I also don't think it's a good idea for college students to go out to parties or bars too much because that's where they can get in trouble. My mom is always warning Jessica about being careful and not letting anyone put anything in her drink. She says college campuses aren't always safe places for young women. If Jessica stayed home more instead of trying to be so popular and social, she wouldn't have to worry as much about running into bad people or getting hurt. Popular kids often get picked on by bullies or targeted by creeps, so it's better to fly under the radar.
Another aspect where college socializing can become an issue is with finances. My parents are already having to pay so much money for Jessica's tuition, room and board, meal plan, etc. When I see pictures of her going out to restaurants or buying Starbucks all the time with her friends, it makes me think she must be wasting a bunch of the cash my parents give her for books and supplies. College is expensive enough without spending extra money on a busy social life. If Jessica spent more nights at home eating microwave dinners instead of always making plans, my parents could save a lot of money.
I also suspect that Jessica's boy-craziness might be part of the reason she's always out socializing rather than hitting the books. She's constantly mentioning some new guy she has a crush on in her friend group. It's like she thinks the only way to get a boyfriend is by being a super social butterfly.

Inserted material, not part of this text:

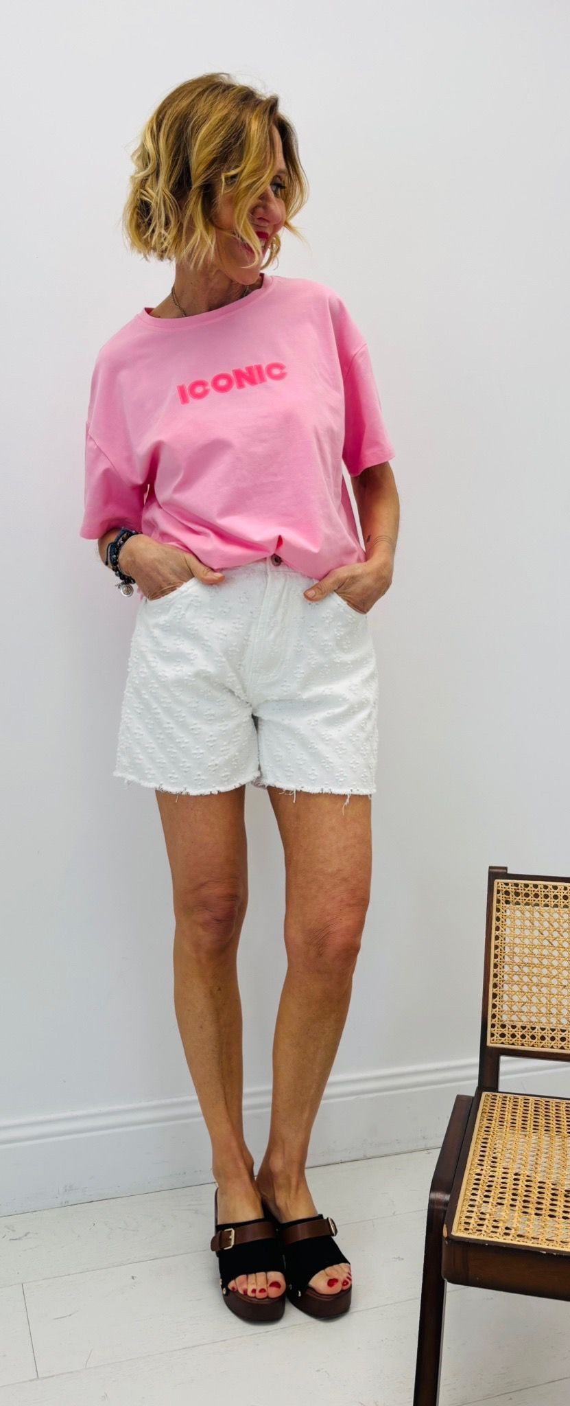 Short blanc brodé, coupe ajustée, dans le bas légèrement effiloché, bouton et fermeture éclair, poches

Newsflash Jessica - you can still meet nice boys while being a focused student too! Plenty of the smartest, most successful people met their spouses in college while prioritizing academics over popularity. Social butterflies often end up dating jerks, so she should be careful.
In conclusion, I really hope Jessica wakes up soon and realizes she's in college primarily to get an education - not win a
popularity contest. It's great to have some friends, but she needs to learn balance and put schoolwork first before fun activities. Her future career and lifelong success depends on getting good grades now, not burning through Mom and Dad's money attending every frat party on campus. College is just a stepping stone and social status there means nothing once you're an adult in the real world anyway. Jessica would be wise to socialize a bit less and hit the books a bit more while she has the chance.。